In its most recent update on the energy markets, the International
Energy Agency said demand for oil in the first half of this year
rose by the smallest amount since 2020. Meanwhile, supplies have
continued to increase and the OPEC+ alliance has said it plans to
release more oil into the market starting in December.
What is going on with energy prices this year?
Oil futures rose quickly to start the year and hit $85 per barrel in
April, but it's been almost all downhill from there and prices at
the pump are following along.
U.S. gas prices loosely follow crude because the price of oil makes
up half the cost of a gallon of gasoline.

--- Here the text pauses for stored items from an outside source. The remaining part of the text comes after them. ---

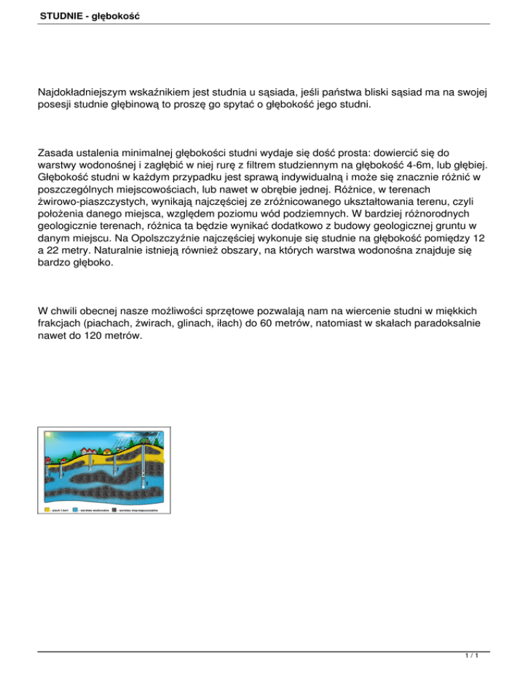 STUDNIE - głębokość Najdokładniejszym wskaźnikiem jest studnia u sąsiada, jeśli państwa bliski sąsiad ma na swojej posesji studnie głębinową to proszę go spytać o głębokość jego studni. Zasada ustalenia minimalnej głębokości studni wydaje się dość prosta: dowiercić się do warstwy wodonośnej i zagłębić w niej rurę z filtrem studziennym na głębokość 4-6m, lub głębiej. Głębokość studni w każdym przypadku jest sprawą indywidualną i może się znacznie różnić w poszczególnych miejscowościach, lub nawet w obrębie jednej. Różnice, w terenach żwirowo-piaszczystych, wynikają najczęściej ze zróżnicowanego ukształtowania terenu, czyli położenia danego miejsca, względem poziomu wód podziemnych. W bardziej różnorodnych geologicznie terenach, różnica ta będzie wynikać dodatkowo z budowy geologicznej gruntu w danym miejscu. Na Opolszczyźnie najczęściej wykonuje się studnie na głębokość pomiędzy 12 a 22 metry. Naturalnie istnieją również obszary, na których warstwa wodonośna znajduje się bardzo głęboko. W chwili obecnej nasze możliwości sprzętowe pozwalają nam na wiercenie studni w miękkich frakcjach (piachach, żwirach, glinach, iłach) do 60 metrów, natomiast w skałach paradoksalnie nawet do 120 metrów. 1/1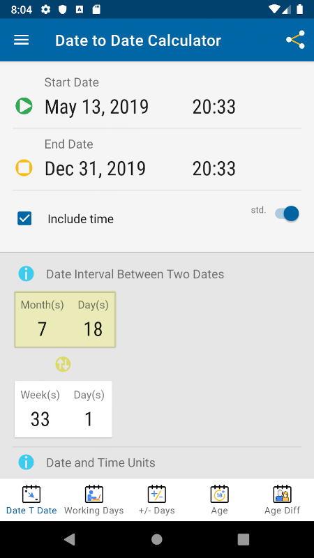 Finding difficulty calculating the number of working days or number of days between two days? It's time to make this simple calculation, even more, simpler with "Date Calculator" app. In just one click you can easily calculate the difference between to dates or calculate the number of working days. The app is very useful and helps you in estimating your plans. You can also calculate the exact difference accurate up to minutes. The "Date Calculator" is just awesome with Dates.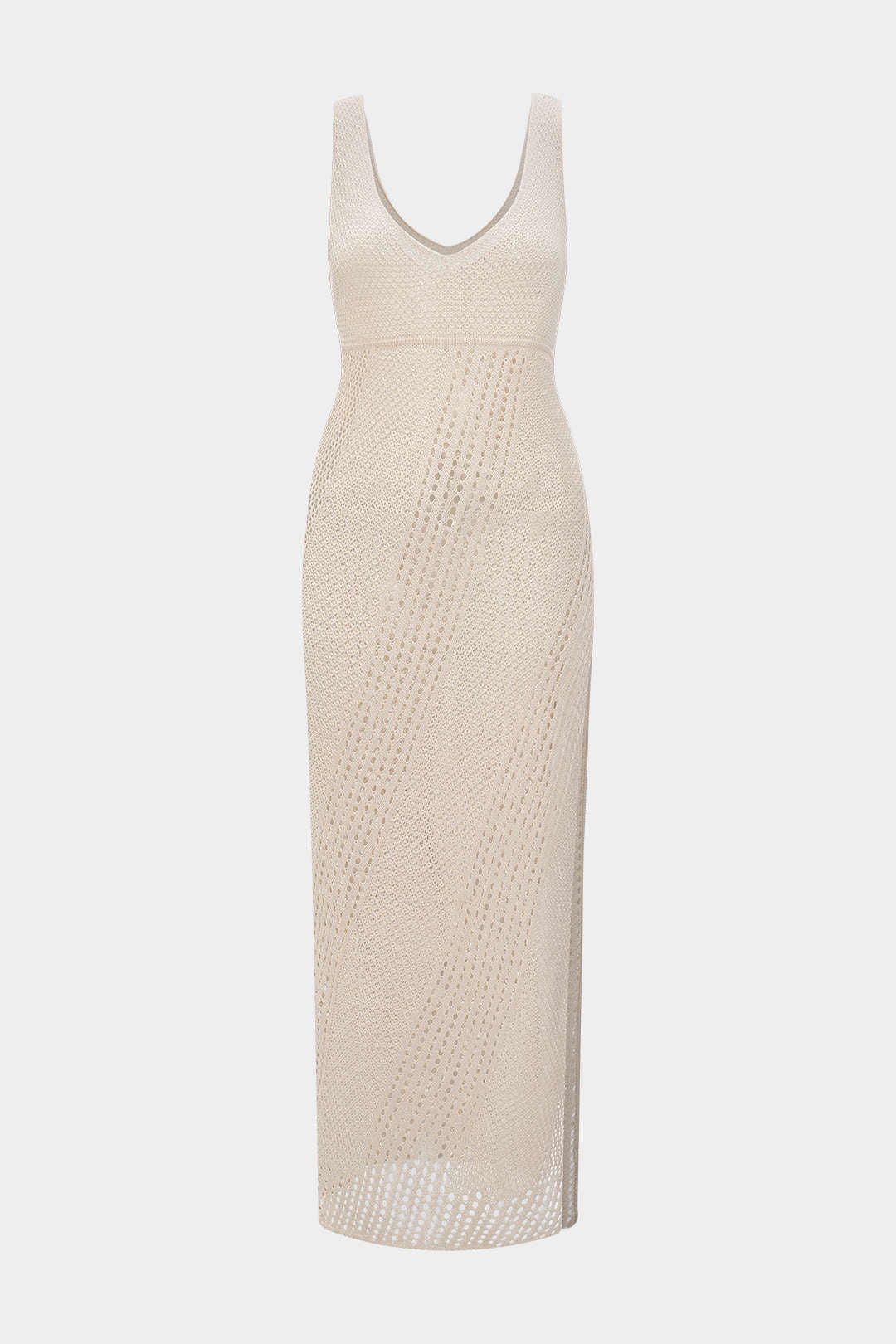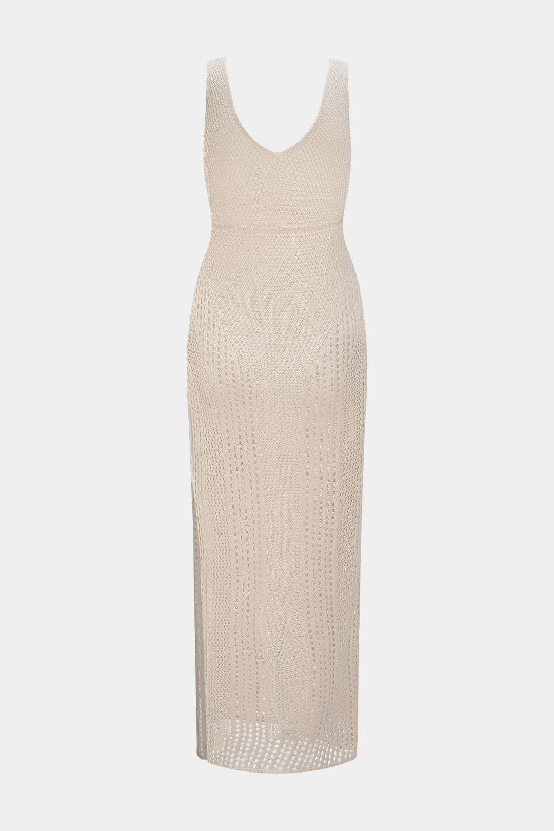 Triko V Yaka Yırtmaçlı Kolsuz Elbise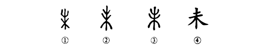 “來日綺窗前,寒梅著花未?”這個“未”字本為象形字。①是甲骨文形體,像穗的形狀。郭沫若先生認為“未”就是“穗”的本字。②是金文的寫法,類似于甲骨文。③是小篆的形體。④是楷書的寫法。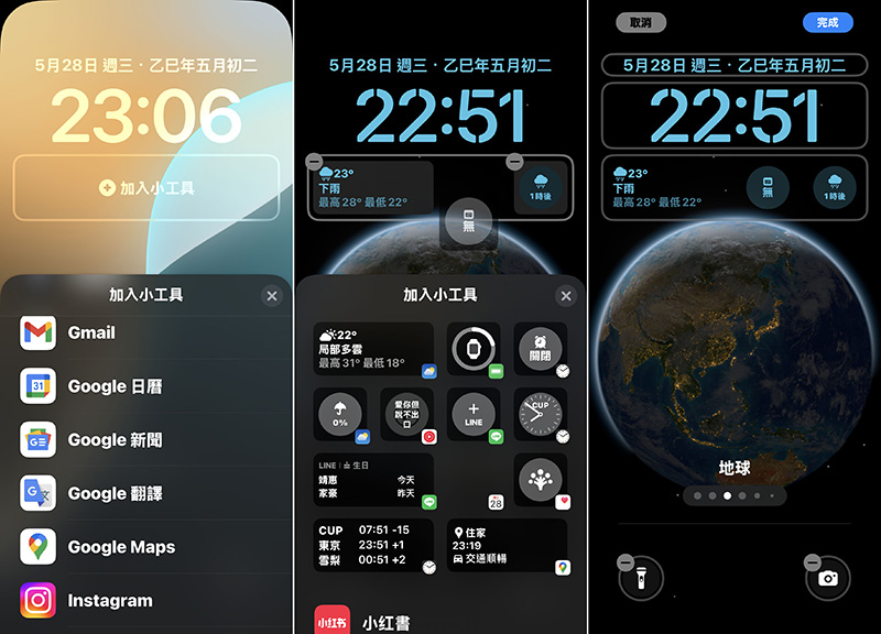 除了能在鎖定畫面配置小工具,當然也可以進行編輯,以下我們用「天氣」小工具示範。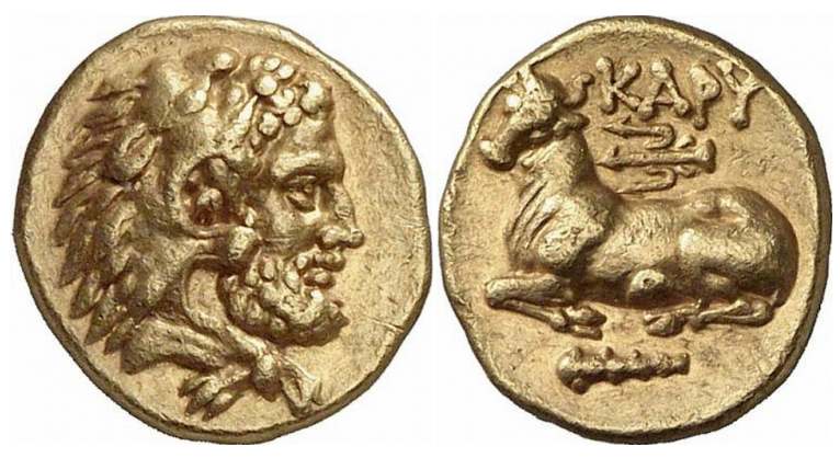 Sear SG 2510 | Euboia, Karystos. Revolt of Ptolemaios. AV Drachm. ca 313 BC. Head of Herakles right, in lion's skin headdress / KAPY, bull recumbent left; trident above, club below. BCD 573; BMC 17, Jameson 2066. | Text |  |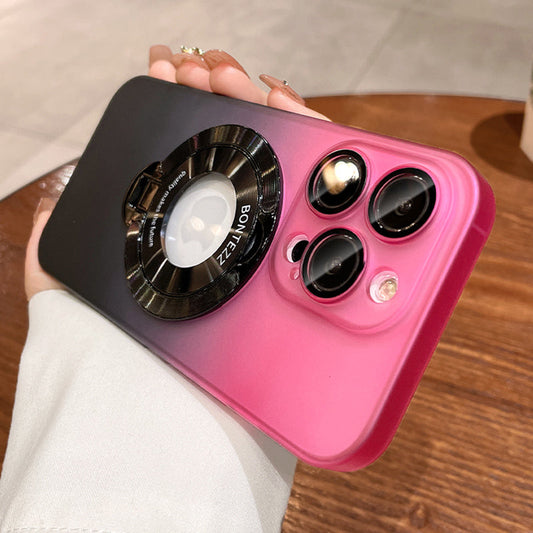 Gradient coffee large hole IMD feather yarn bracket mobile phone case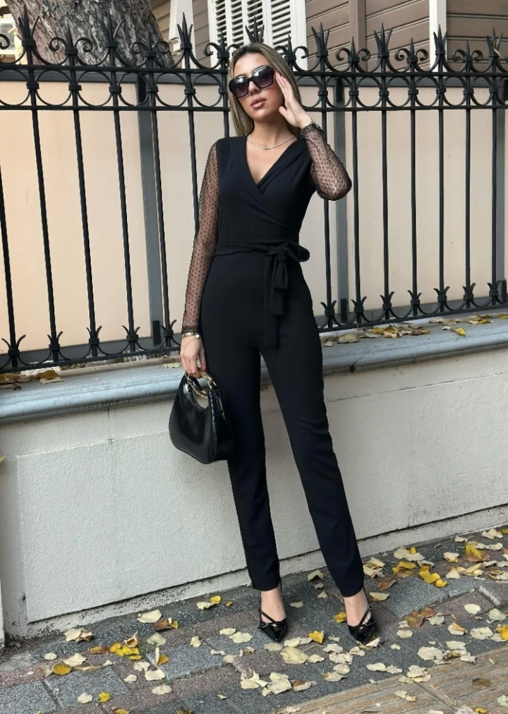 Kadın Uzun Kollu Kruvaze Yakalı Kolları Tül Detay Beli Kuşaklı Ithal Krep Tulum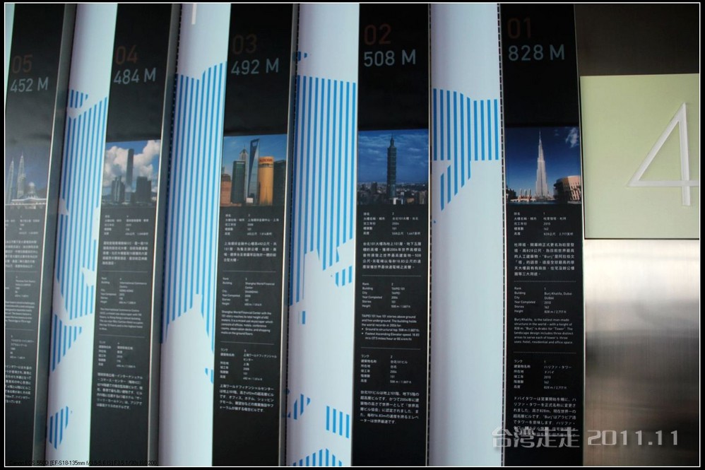 台北 101(Taipei 101),又称台北 101大楼,位于台北市信义区 ,在规划阶段初期原名台北 国际金融中心 (Taipei Financial Center),由建筑师李祖原 设计。1999年7月开工,2003年10月竣工,建筑高度:508米,因为不断有更高的大楼出现,所以它的具体排名也会发生变化,但肯定在目前“世界最高大楼”的排行中名列前茅。“Taipei 101”这个名称里还有个隐义:Technology、Art、Innovation、People、Environment、Identity,即技术、艺术、创新、人民、环境、个性。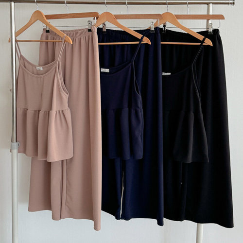 [핑크엘리제]프릴 민소매 와이드핏 팬츠 세트 페리클투피스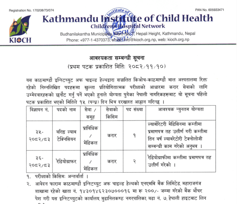 Vacancy Announcement for Sr. Lab Technician and Radiographer for KIOCH-Kathmandu Children’s Hospital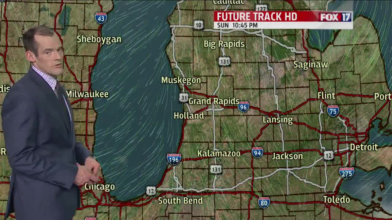 WEST MICHIGAN — The forecast from FOX 17 Meteorologist Ty Shesky: The system that bought a spring snow storm to southern sections of the FOX 17 viewing area will exit tonight, and high pressure will slide in a little ways to our south giving us some sun. Our next low pressure system, however, will continue to strengthen to our north. This pressure difference will align to give us some fairly strong winds on Saturday, and some light rain prospects on Sunday morning as that low drops in from the north.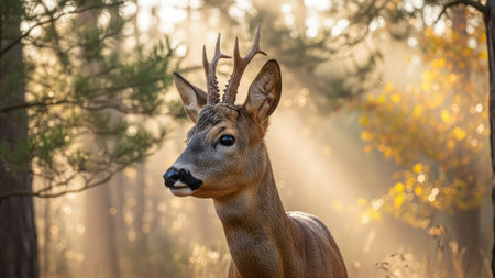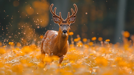 A stunning roe deer buck stands gracefully among glowing wildflowers, bathed in warm sunlight. The serene nature scene captures the essence of wildlife and natural beauty.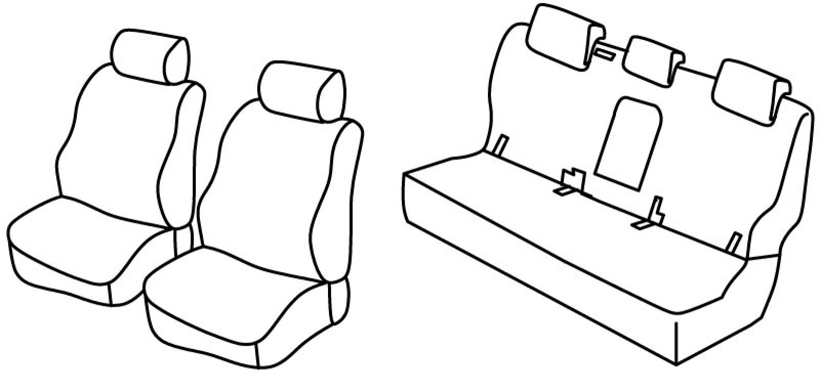 prednja sjedala obična, airbag, isofix povezan s presvlakom, stražnji naslon ruke, treći (srednji) pojas izlazi iz naslona, stražnji naslon i sjedalo u komadu, stražnji nasloni za glavu su utopni (2+1)

Between Friday and Monday,
during which Israel launched a measured counterstrike in Iran, the
price for a barrel of oil tumbled $4.
OPEC has tried to establish a floor for oil prices this year with
little success.
Saudi Arabia and allied oil producing countries in June extended
production cuts into next year hoping to support slack prices that
haven’t rebounded even amid turmoil in the Middle East and this
year's summer travel season.
At the same time, the U.S. is pumping unprecedented volumes of
crude. The U.S. Energy Information Administration expects average
daily crude oil production in the United States this year will be
13.2 million barrels per day, and it only expects that production to
grow in 2025.
What’s next for oil and gasoline prices?
A number of energy experts believe that oil prices have peaked this
year and will continue to erode, likely meaning more breaks for
motorists.
“Limited nature of Israeli strikes against Iran should diminish
fears of wider war and shave some of the geopolitical premium on
crude oil,” said Tom Kloza, global head of energy analysis with the
Oil Price Information Service on a social media post over the
weekend. “Today’s U.S. retail gas avg is $3.13/gal with 55% of sites
priced at less than $3/gal.”
Kloza told the AP this month that 2025 looks even worse for oil
producers, “with supply almost certainly outpacing demand by 500,000
to 1 million barrels a day.”
Gasoline prices are already in retreat with a week remaining before
the U.S. presidential election.
The national average price of $3.13 per gallon is down more than 4
cents from last week and it's down a whopping 37 cents per gallon
from last year at this time, according to auto club AAA.
In many states, however, prices are far below the national figure.
The average price for a gallon in Texas is $2.67 and it's close to
that in many Southern States. Prices in Western states are much
higher, including close to $4.60 in California.